→ **Your assignment**: In the material below, find the line with "경기 포천시 영북면 지역사회보장협의체는" and the line with "However, following his", then output both and every line between them exactly, omitting pictures.

→ **Data**:
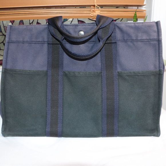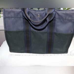 Authentic Hermes Tote. Some fading of the navy color, otherwise in great condition.
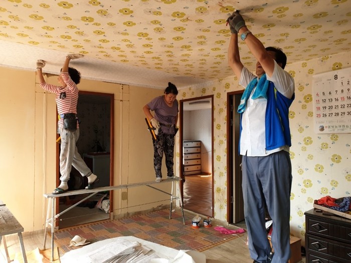 경기 포천시 영북면 지역사회보장협의체는 22일 지역내 장애인 취약가구를 대상으로 '주거환경개선사업'을 추진했다. 이날 협의체 위원 10여명은 도배 및 장판 교체, 전기배선 공사, 집청소 등을 진행했다. 사진은 관계자들이 도배하는 모습. (사진제공=포천시청)
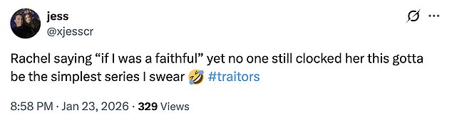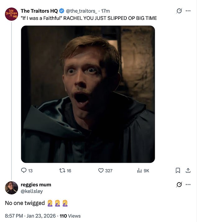 However, following his elimination, the group reconvened for further discussion, and eagle-eyed fans noticed Rachel accidentally revealed she was a Traitor.
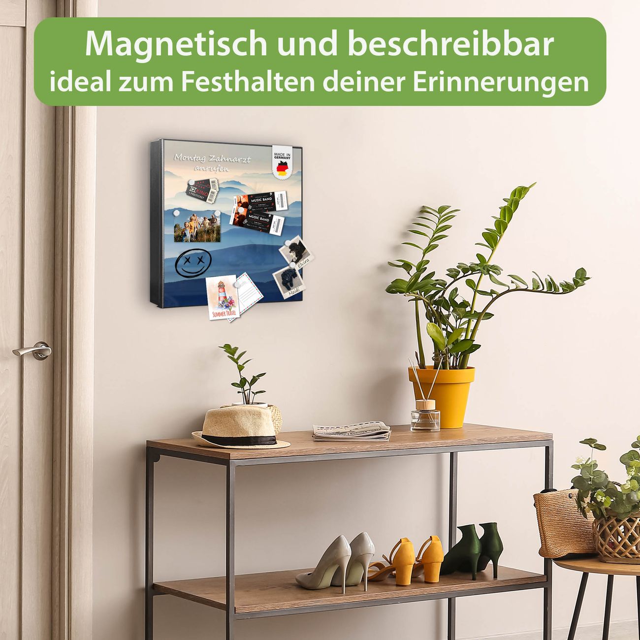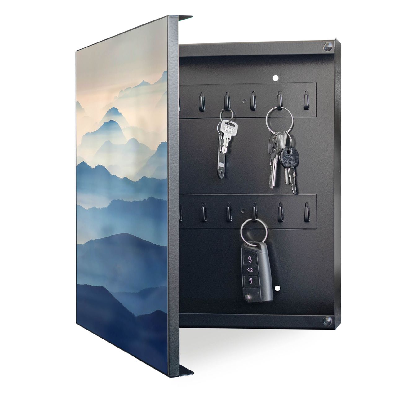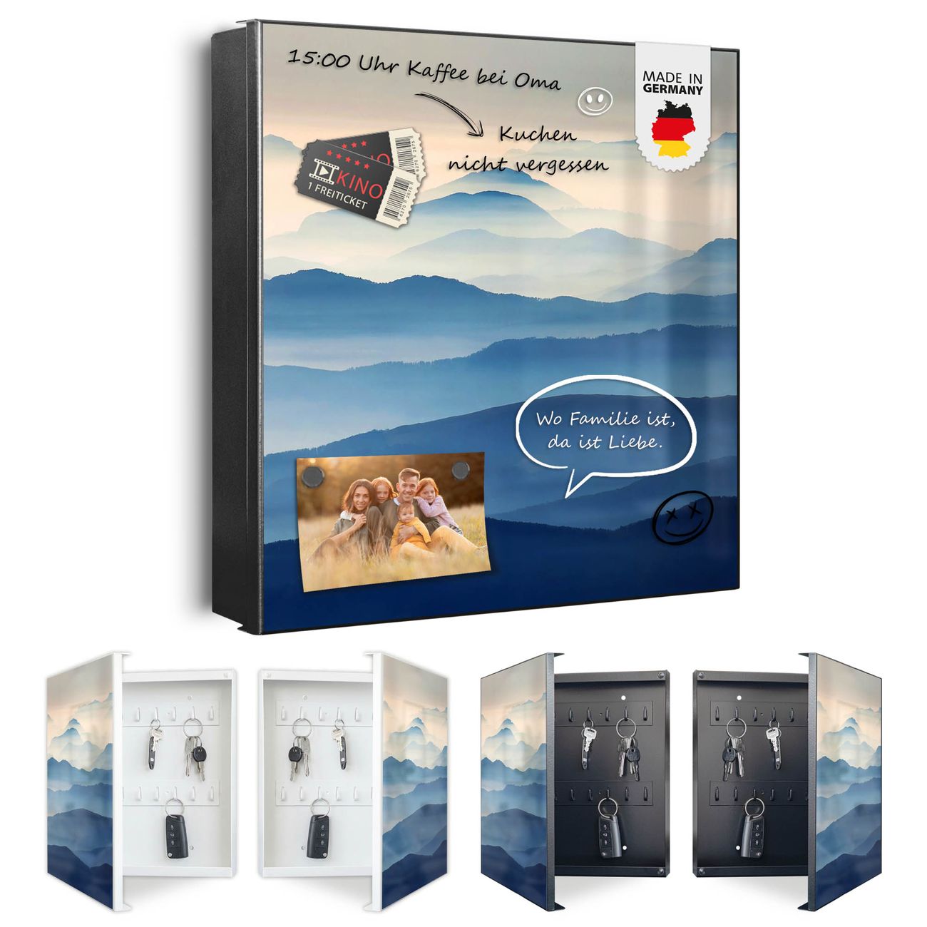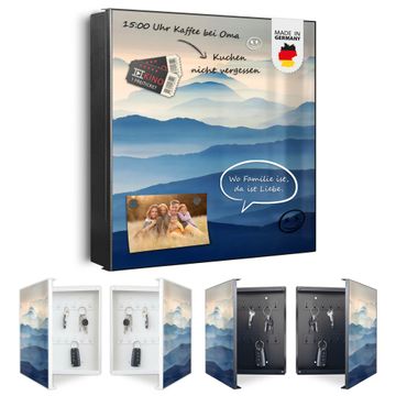 Bringe Ordnung und Eleganz in deinen Eingangsbereich mit dem banjado Schlüsselkasten Motiv Motiv Hinter den Bergen. Die moderne Schlüsselbox kombiniert funktionales Design mit hochwertiger Verarbeitung und wird so zu einem echten Hingucker in Flur, Büro oder Ferienwohnung. ✅ Stilvolle Schlüsselaufbewahrung mit Motiv Motiv Hinter den Bergen Der Design-Schlüsselkasten Motiv Motiv Hinter den Bergen bietet Platz für bis zu 32 Schlüssel, die auf 4 stabilen Reihen mit je 8 Haken übersichtlich verstaut werden. Mit seinen kompakten Maßen von 30 x 30 x 5 cm passt die Schlüsselbox perfekt auch in kleinere Räume. Der schwarz lackierte Stahlkorpus mit links angeschlagenem Türscharnier harmoniert mit gedruckten Folie auf der Front und fügt sich nahtlos in jedes Wohnambiente ein. Ob als Schlüsselorganizer für Zuhause oder als praktische Lösung für Büros, Praxen und Gewerbe, der banjado Schlüsselkasten sorgt für Ordnung und Übersicht. Dank der magnetischen, mit Kreidestiften beschreibbaren Folie auf der Front kannst du Notizen anheften oder Termine direkt auf der Oberfläche festhalten. Die Schlüsselbox Motiv Motiv Hinter den Bergen zur Wandmontage wird inklusive Befestigungsmaterial geliefert und ist schnell angebracht. So hast du deine Schlüssel jederzeit griffbereit und zugleich stilvoll verstaut. Mit diesem banjado Schlüsselkasten Motiv Motiv Hinter den Bergen kombinierst du praktische Aufbewahrung mit stilvollem Wohndesign. Ob privat oder geschäftlich, die Schlüsselbox sorgt für mehr Ordnung, Übersicht und ein wohnliches Ambiente.Vorteile im Überblick

→ **Your solution**:
 경기 포천시 영북면 지역사회보장협의체는 22일 지역내 장애인 취약가구를 대상으로 '주거환경개선사업'을 추진했다. 이날 협의체 위원 10여명은 도배 및 장판 교체, 전기배선 공사, 집청소 등을 진행했다. 사진은 관계자들이 도배하는 모습. (사진제공=포천시청)
 However, following his elimination, the group reconvened for further discussion, and eagle-eyed fans noticed Rachel accidentally revealed she was a Traitor.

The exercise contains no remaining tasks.